Similarities of soil and topography are always well illustrated by the plants they produce. The "pine barren" flora of New Jersey reaches northward into the Cape country, only losing some of its more southern types because of the shorter and severer seasons. But more diligent herborizing will no doubt reveal closer relationship between New Jersey and Cape Cod than we now know. An instance in my own experience illustrates this. The striped sedge (Carex striata, var. brevis) is recorded as a rare plant, growing in pine barrens from New Jersey southward, and yet in these Plymouth woods, in the half sandy marshes, I found it growing in profusion. Even eastern Massachusetts is in need of botanical exploration 1 So the floras run along this coast ; and it is not strange that Cape Cod and New Jersey are both great cranberry producing regions.

Cranberry Measure.

Fig. 2. Cranberry Measure.

The country comprises an alternation of low, sandy elevations and small swamps in which the cassandra, or leather-leaf, and other heath-like plants thrive. The pitch pine makes open and scattered forests, or in some parts oaks and birches and other trees cover the better reaches. Fire has overrun the country in many places, leaving wide and open stretches carpeted with bear-berry (arctostaphylos) and dwarf blueberries. There are no fences, no improvements, except such improvised structures as may be seen now and then about some isolated cranberry bog. At one place we came suddenly upon a school house of perhaps twelve by twenty, standing lonely and bare in the midst of a scrub oak wilderness, with not a house in sight. Clear and handsome little lakes are found in some parts of the wilderness, and upon the banks of one we found a hermitage where a half dozen Boston men shut themselves off from the world in the summer months. Everywhere one finds clear and winding brooks, abounding in trout. And over all (he open glades, the great-flowered aster (Aster spectabilis) is brilliant in the autumn sun.

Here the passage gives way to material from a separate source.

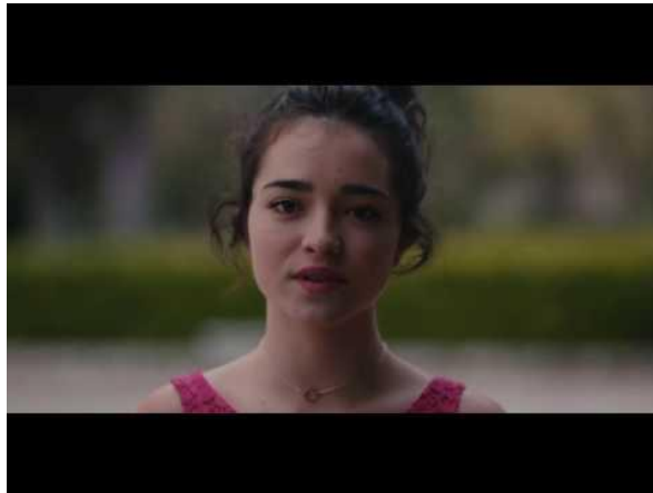
Figura 1 video sobre los peligros de las redes sociales en los adolescentes. ( MOVISTAR, 2017 )

El video es una ejemplificación de Grooming, uno de los problemas que producen las redes sociales en los adolescentes, la cual es una realidad que sufren muchos adolescentes y sobre todo que están expuestos al hacer uso de las mismas.

It is in the occasional swamps in this sandy region that the cranberry plantations, or " bogs" as they are called in Massachusetts, are made. In their wild state these bogs look unpromising enough, being choked with bushes and brakes, as shown in the corner-piece of Fig. 1, page 582. It has required considerable courage to attack and subdue them. I am filled with a constant wonder that the sandy plains are not also utilized for the cultivation of blueberries. These fruits now grow in abundance over large areas, and they are gathered for market. It would only be necessary to enclose the areas, protect them from fire, and remove the miscellaneous vegetation, to have a civilized blueberry farm. Certainly cranberry and blueberry farms would make an interesting and profitable combination. The expense of growing the blueberries would be exceedingly slight, and the crop would be off before cranberry picking begins. With greater attention given to the crop, we should no doubt soon find out why it is that the berries fail in certain years, and it is possible that some control could be exercised. I have often predicted that large areas of the great pine plains of Michigan - which look almost exactly like the Massachusetts barrens - will eventually be used for the growing of blueberries.